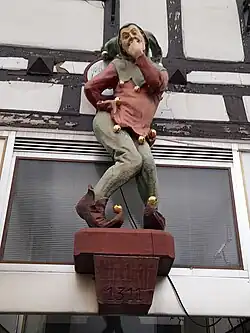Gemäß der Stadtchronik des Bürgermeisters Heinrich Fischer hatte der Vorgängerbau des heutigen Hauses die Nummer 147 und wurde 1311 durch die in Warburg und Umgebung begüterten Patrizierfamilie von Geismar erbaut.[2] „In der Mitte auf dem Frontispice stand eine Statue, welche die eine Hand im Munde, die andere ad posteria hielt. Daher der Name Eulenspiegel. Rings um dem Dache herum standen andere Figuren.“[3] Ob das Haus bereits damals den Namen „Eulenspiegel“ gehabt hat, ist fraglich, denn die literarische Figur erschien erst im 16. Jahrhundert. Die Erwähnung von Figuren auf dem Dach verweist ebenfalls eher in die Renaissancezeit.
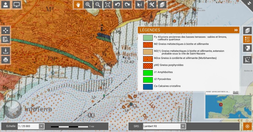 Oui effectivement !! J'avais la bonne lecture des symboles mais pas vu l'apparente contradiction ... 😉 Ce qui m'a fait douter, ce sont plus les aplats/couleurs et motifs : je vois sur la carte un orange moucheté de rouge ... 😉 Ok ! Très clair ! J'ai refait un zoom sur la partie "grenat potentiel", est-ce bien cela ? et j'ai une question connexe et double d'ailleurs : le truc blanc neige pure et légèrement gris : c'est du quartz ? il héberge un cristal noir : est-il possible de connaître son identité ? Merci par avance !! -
* * *
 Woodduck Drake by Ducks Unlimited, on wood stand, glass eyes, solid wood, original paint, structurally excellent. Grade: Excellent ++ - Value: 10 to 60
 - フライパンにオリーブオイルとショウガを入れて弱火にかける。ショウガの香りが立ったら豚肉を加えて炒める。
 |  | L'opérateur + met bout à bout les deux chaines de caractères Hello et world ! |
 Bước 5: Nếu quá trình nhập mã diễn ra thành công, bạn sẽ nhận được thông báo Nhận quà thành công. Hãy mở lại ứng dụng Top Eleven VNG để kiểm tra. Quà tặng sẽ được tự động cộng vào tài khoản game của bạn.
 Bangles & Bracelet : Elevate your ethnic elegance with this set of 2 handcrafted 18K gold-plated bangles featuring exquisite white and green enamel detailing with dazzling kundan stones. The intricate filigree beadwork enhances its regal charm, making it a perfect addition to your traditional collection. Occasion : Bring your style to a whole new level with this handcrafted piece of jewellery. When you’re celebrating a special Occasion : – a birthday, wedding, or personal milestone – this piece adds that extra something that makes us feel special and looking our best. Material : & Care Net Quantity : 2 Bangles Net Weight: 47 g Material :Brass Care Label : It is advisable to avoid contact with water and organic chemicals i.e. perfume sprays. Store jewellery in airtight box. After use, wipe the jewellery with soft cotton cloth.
* * *
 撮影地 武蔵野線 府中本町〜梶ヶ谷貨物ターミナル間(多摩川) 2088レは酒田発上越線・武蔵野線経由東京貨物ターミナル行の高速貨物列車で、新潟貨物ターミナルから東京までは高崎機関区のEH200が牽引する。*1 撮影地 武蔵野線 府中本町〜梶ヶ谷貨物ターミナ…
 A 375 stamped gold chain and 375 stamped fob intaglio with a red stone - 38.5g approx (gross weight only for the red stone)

## WORK REQUEST
Wherever the string "gold" appears in the records, copy the whole line.

## ANSWER TO THE PROBLEM
 Bangles & Bracelet : Elevate your ethnic elegance with this set of 2 handcrafted 18K gold-plated bangles featuring exquisite white and green enamel detailing with dazzling kundan stones. The intricate filigree beadwork enhances its regal charm, making it a perfect addition to your traditional collection. Occasion : Bring your style to a whole new level with this handcrafted piece of jewellery. When you’re celebrating a special Occasion : – a birthday, wedding, or personal milestone – this piece adds that extra something that makes us feel special and looking our best. Material : & Care Net Quantity : 2 Bangles Net Weight: 47 g Material :Brass Care Label : It is advisable to avoid contact with water and organic chemicals i.e. perfume sprays. Store jewellery in airtight box. After use, wipe the jewellery with soft cotton cloth.
 A 375 stamped gold chain and 375 stamped fob intaglio with a red stone - 38.5g approx (gross weight only for the red stone)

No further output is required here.